DATA TO PROCESS =>
──────
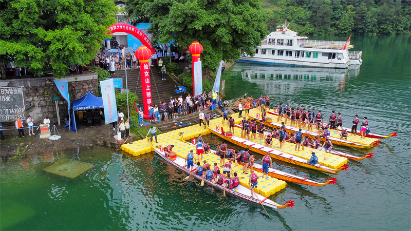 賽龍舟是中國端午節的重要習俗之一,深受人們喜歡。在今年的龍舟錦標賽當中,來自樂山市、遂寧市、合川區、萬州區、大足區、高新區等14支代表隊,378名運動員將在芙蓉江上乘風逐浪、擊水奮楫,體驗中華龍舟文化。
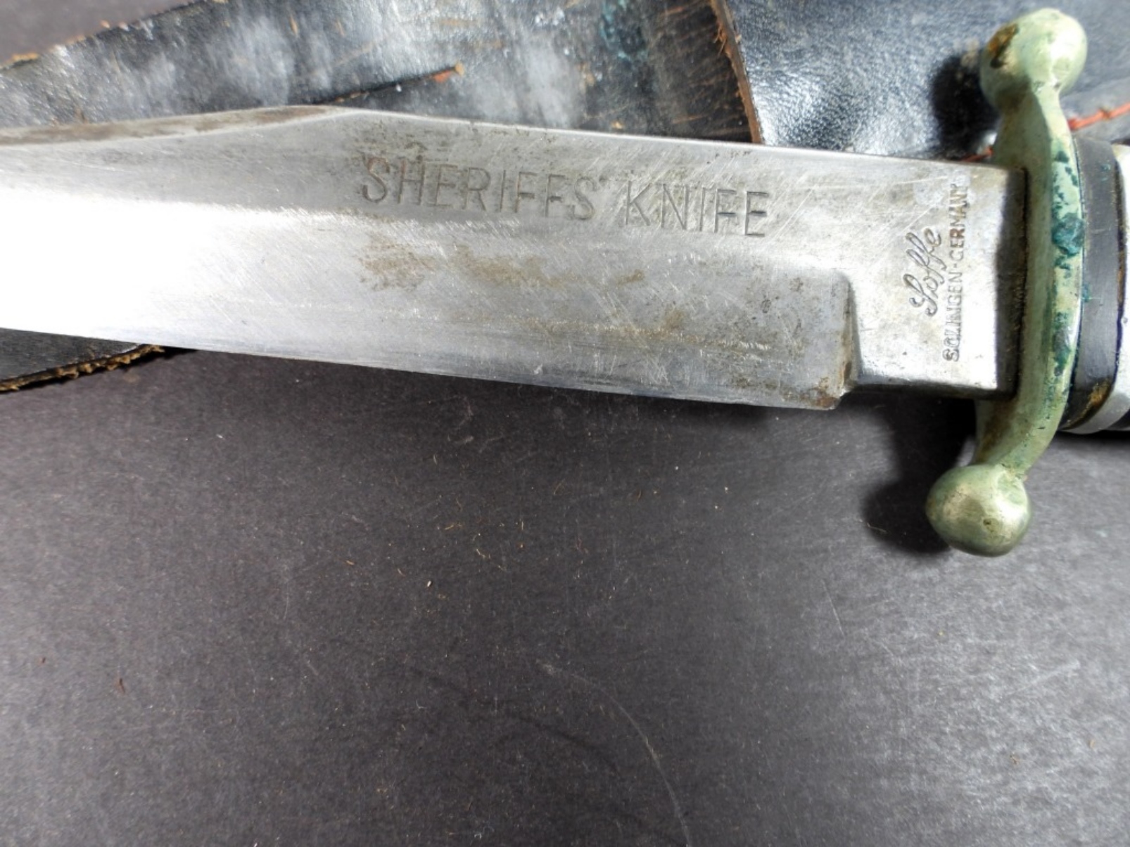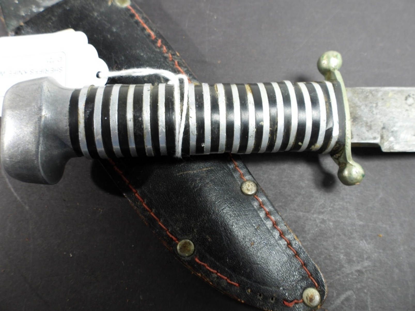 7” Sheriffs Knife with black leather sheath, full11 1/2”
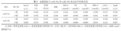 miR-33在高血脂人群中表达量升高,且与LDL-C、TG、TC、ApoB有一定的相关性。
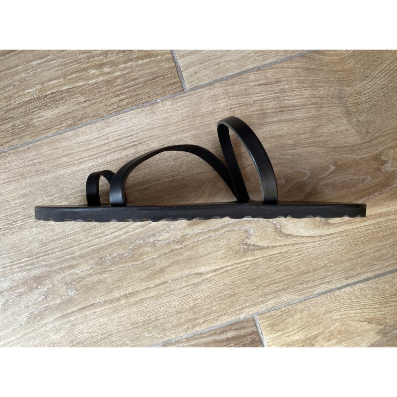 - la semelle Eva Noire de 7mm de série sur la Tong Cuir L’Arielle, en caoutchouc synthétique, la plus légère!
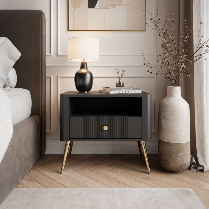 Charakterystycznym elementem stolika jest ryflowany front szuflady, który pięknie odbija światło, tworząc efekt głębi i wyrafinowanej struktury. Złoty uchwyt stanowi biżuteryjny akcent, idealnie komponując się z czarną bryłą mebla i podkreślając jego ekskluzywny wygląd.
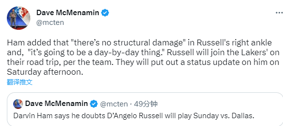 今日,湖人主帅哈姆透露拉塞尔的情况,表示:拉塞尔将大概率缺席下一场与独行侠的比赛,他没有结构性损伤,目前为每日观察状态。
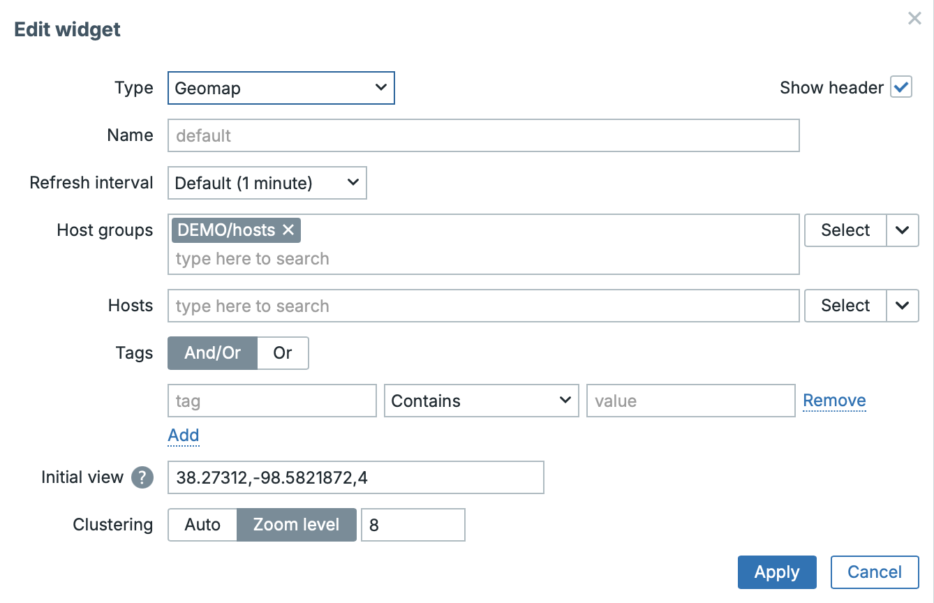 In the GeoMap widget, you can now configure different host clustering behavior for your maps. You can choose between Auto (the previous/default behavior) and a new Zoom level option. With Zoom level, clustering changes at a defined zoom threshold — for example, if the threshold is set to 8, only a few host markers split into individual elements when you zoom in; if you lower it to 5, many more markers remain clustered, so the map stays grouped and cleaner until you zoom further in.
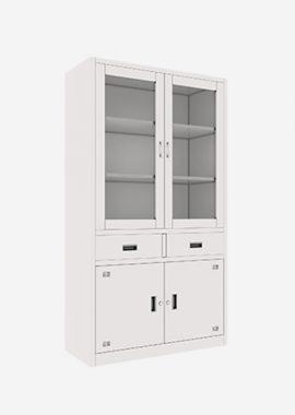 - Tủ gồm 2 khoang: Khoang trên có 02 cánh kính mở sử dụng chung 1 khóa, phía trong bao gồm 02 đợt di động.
──────
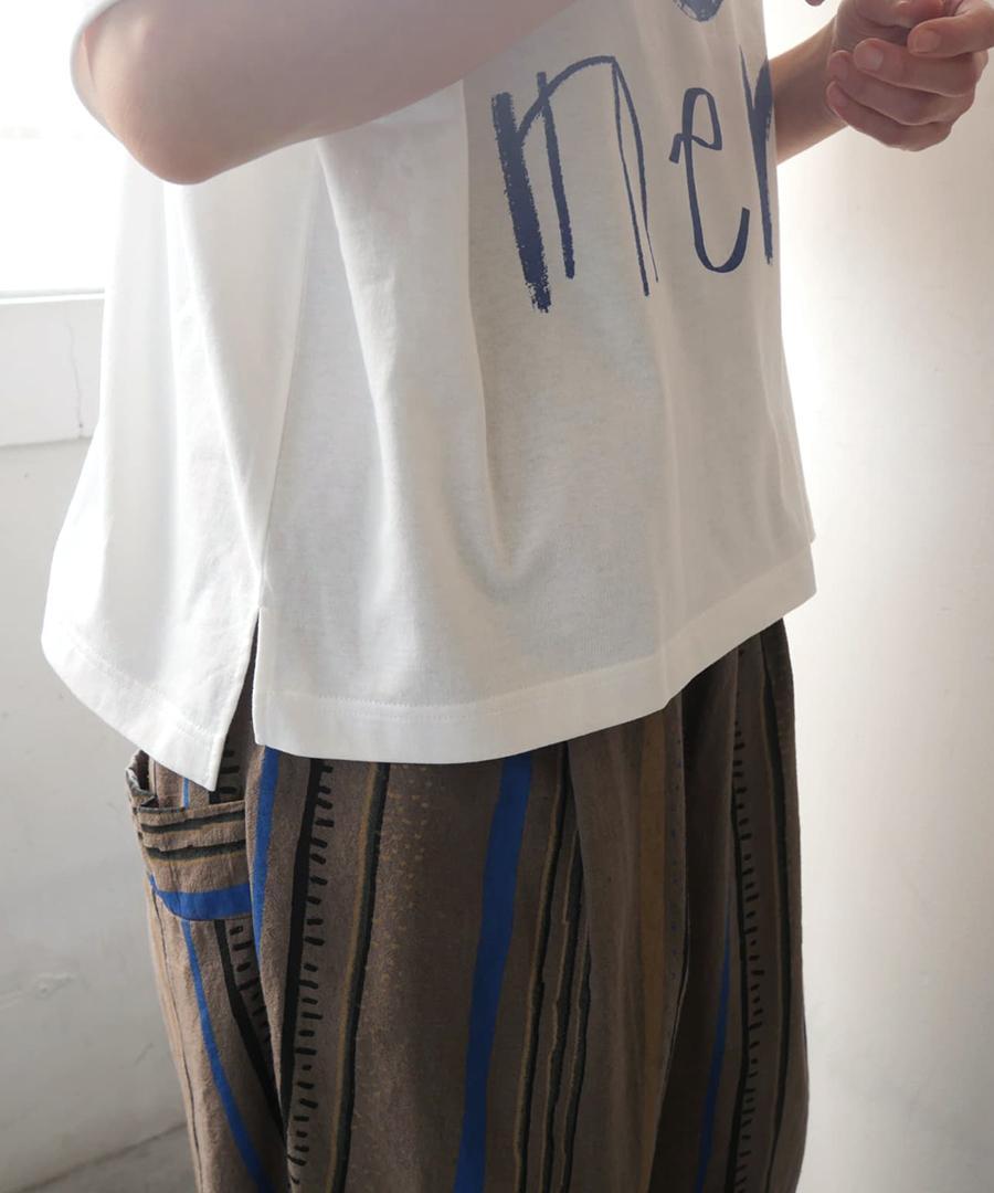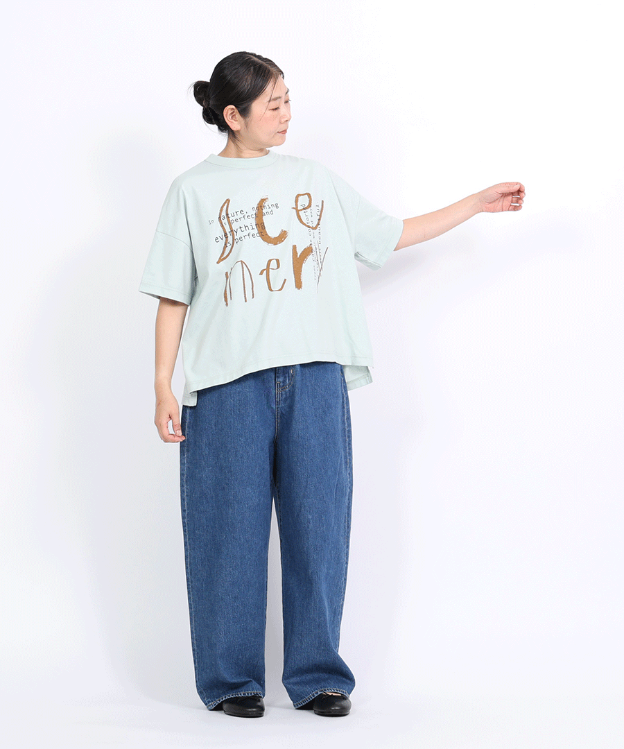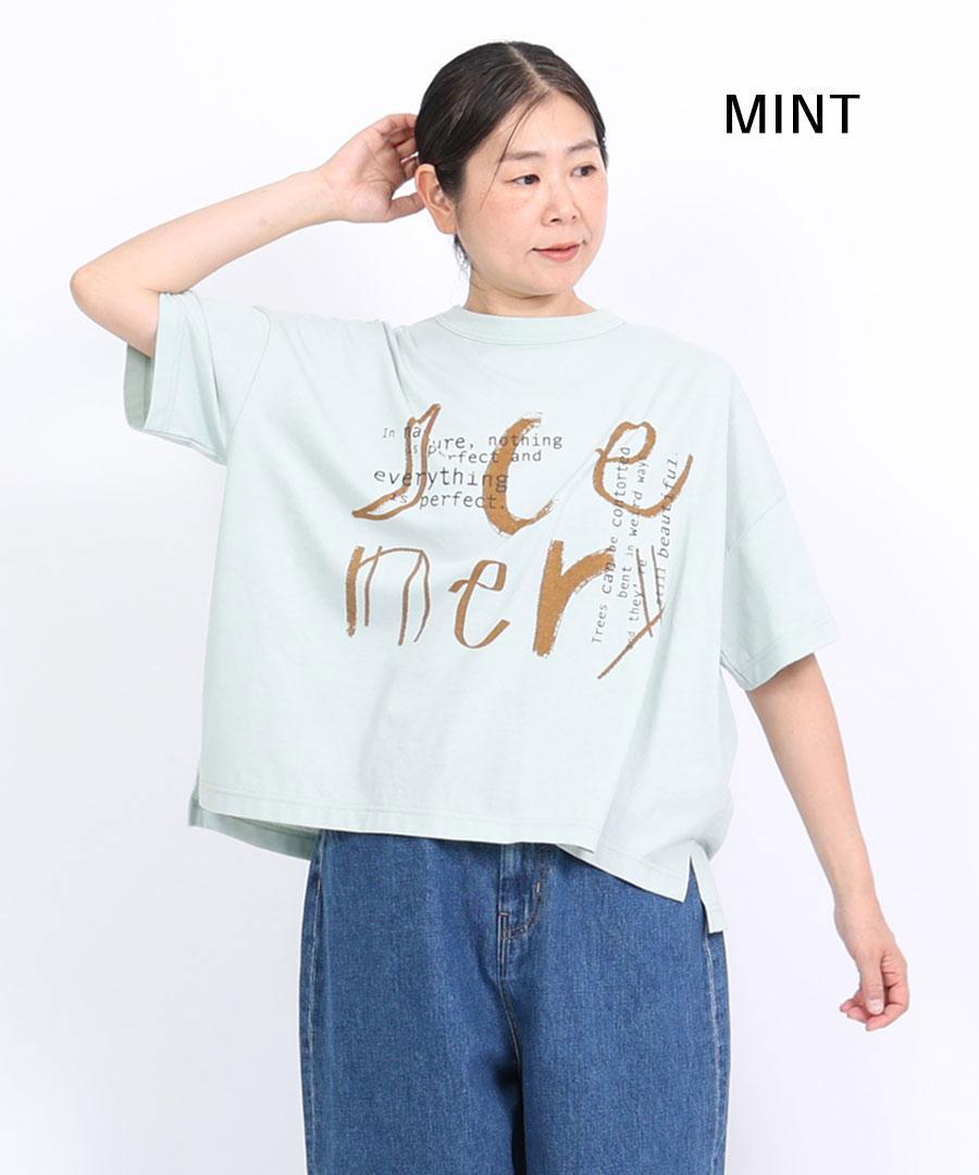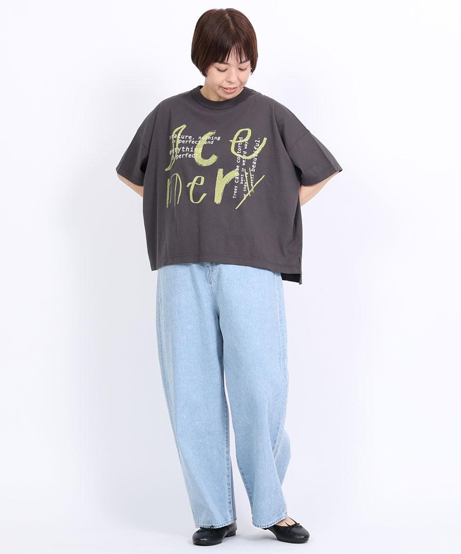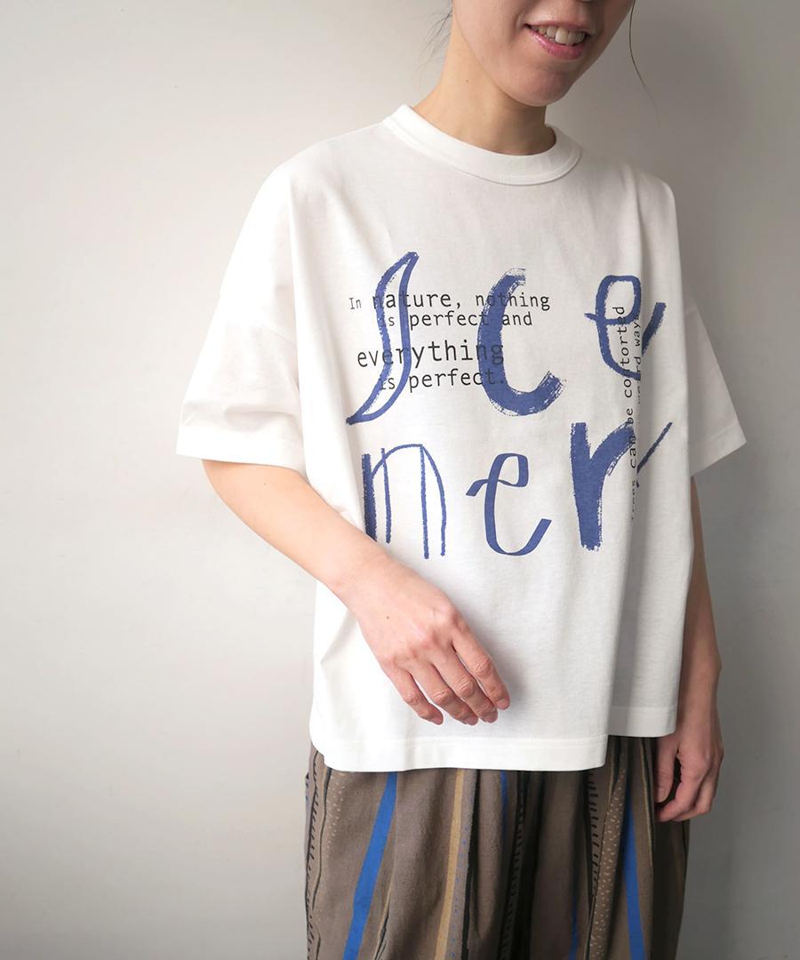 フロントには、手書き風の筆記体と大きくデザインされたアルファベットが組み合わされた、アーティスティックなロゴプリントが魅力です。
──────
From the records above, transcribe only the stretch from the line with "Sheriffs Knife with" through the line with "- la semelle", keeping both ends. Omit pictures.

RESPONSE TO THE EXERCISE =>
 7” Sheriffs Knife with black leather sheath, full11 1/2”
 miR-33在高血脂人群中表达量升高,且与LDL-C、TG、TC、ApoB有一定的相关性。
 - la semelle Eva Noire de 7mm de série sur la Tong Cuir L’Arielle, en caoutchouc synthétique, la plus légère!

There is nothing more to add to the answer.